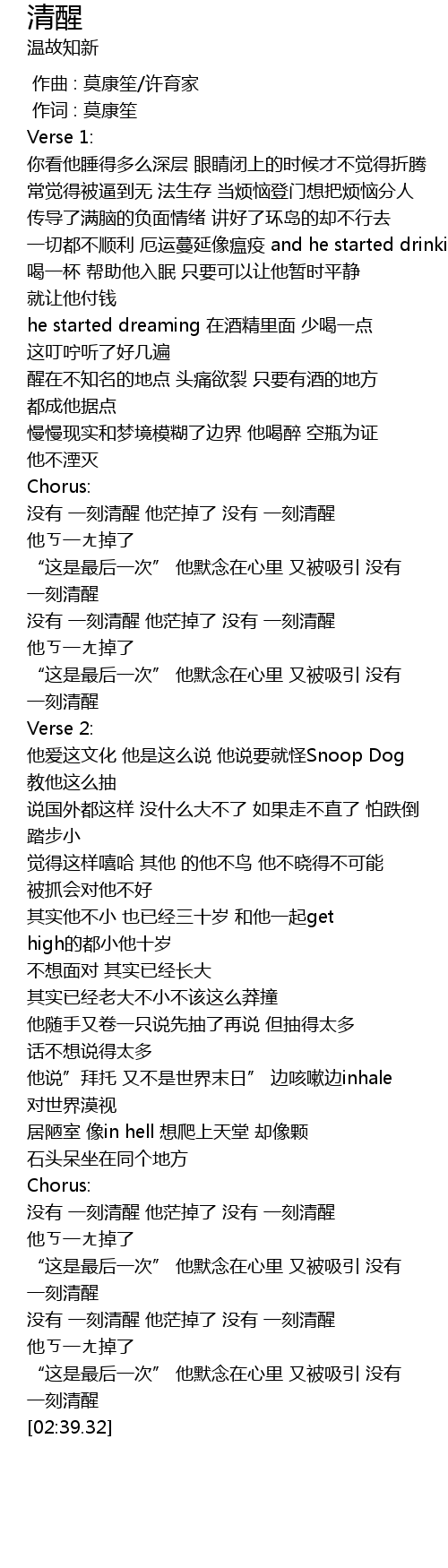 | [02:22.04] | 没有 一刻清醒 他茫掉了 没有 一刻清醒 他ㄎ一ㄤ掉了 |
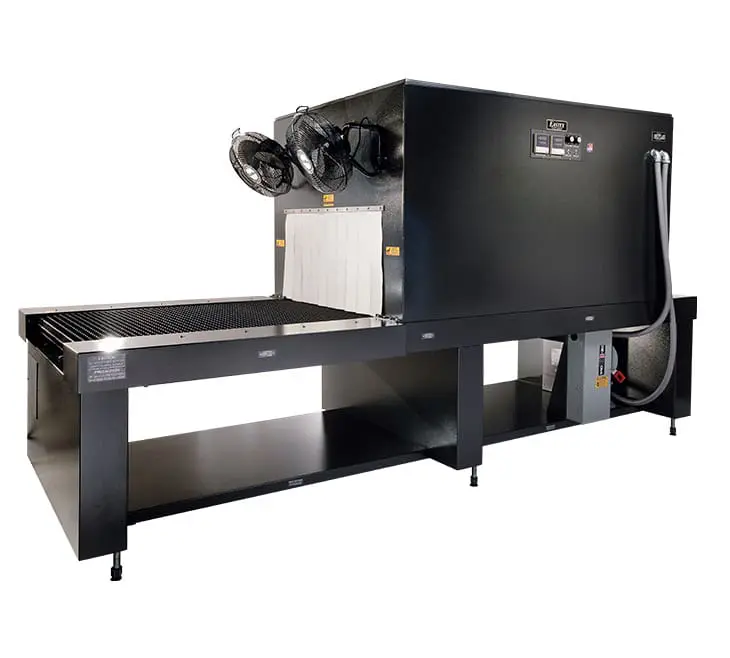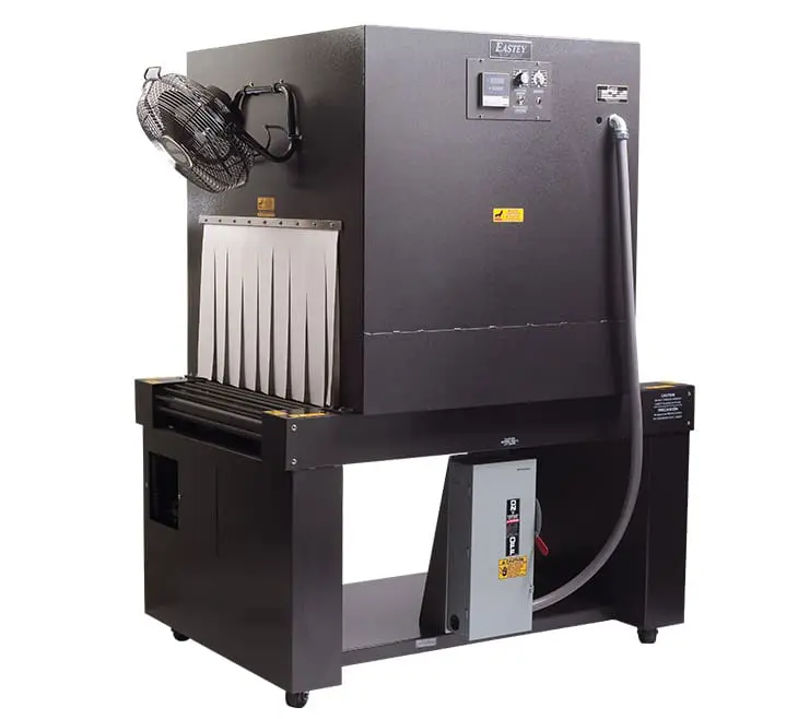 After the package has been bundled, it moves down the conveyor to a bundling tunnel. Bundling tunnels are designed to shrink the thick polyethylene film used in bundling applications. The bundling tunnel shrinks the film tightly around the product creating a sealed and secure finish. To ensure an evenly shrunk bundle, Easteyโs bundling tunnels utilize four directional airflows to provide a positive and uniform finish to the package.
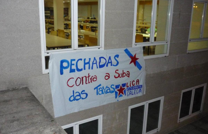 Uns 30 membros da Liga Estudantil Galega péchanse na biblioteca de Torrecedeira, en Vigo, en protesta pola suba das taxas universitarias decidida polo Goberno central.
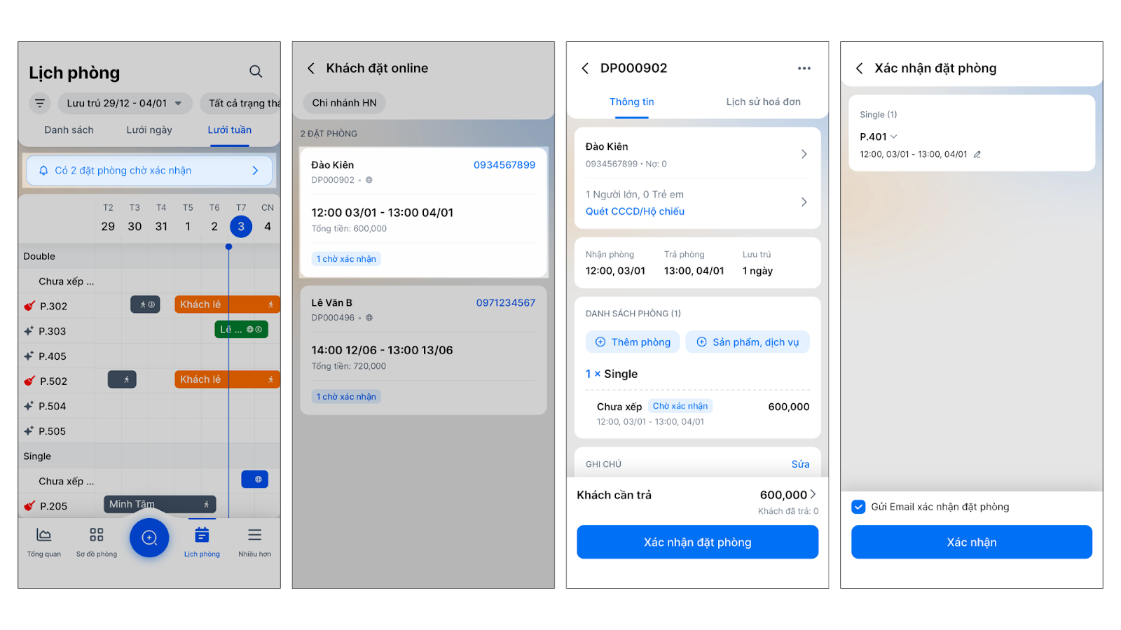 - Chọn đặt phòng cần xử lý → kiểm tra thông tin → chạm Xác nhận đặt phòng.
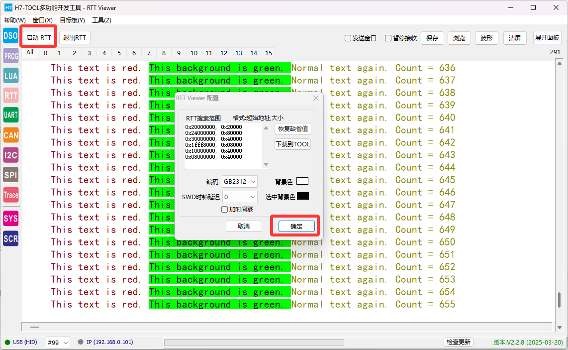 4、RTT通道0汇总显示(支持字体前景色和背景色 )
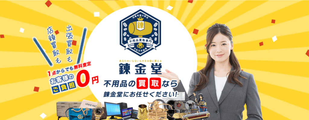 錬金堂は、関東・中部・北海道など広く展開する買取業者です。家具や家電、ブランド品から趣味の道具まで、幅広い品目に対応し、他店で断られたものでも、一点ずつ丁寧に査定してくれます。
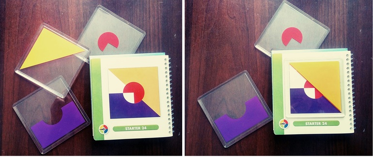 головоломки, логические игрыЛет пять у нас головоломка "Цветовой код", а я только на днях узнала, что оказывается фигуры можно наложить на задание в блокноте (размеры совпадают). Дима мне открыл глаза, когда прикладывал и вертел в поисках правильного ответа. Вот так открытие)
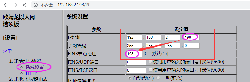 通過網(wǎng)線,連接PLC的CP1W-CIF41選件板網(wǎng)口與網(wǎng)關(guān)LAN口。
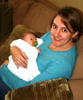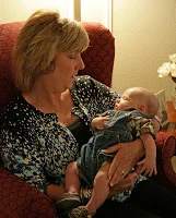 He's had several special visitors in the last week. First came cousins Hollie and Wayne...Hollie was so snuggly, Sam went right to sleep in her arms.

- - -

◆ INSTRUCTIONS FOR THE TASK ◆
Exactly as they appear, transcribe the lines from the top of the material above through the line with "After the package". Omit any picture.

◆ ANSWER SPACE ◆
 | [02:22.04] | 没有 一刻清醒 他茫掉了 没有 一刻清醒 他ㄎ一ㄤ掉了 |
 After the package has been bundled, it moves down the conveyor to a bundling tunnel. Bundling tunnels are designed to shrink the thick polyethylene film used in bundling applications. The bundling tunnel shrinks the film tightly around the product creating a sealed and secure finish. To ensure an evenly shrunk bundle, Easteyโs bundling tunnels utilize four directional airflows to provide a positive and uniform finish to the package.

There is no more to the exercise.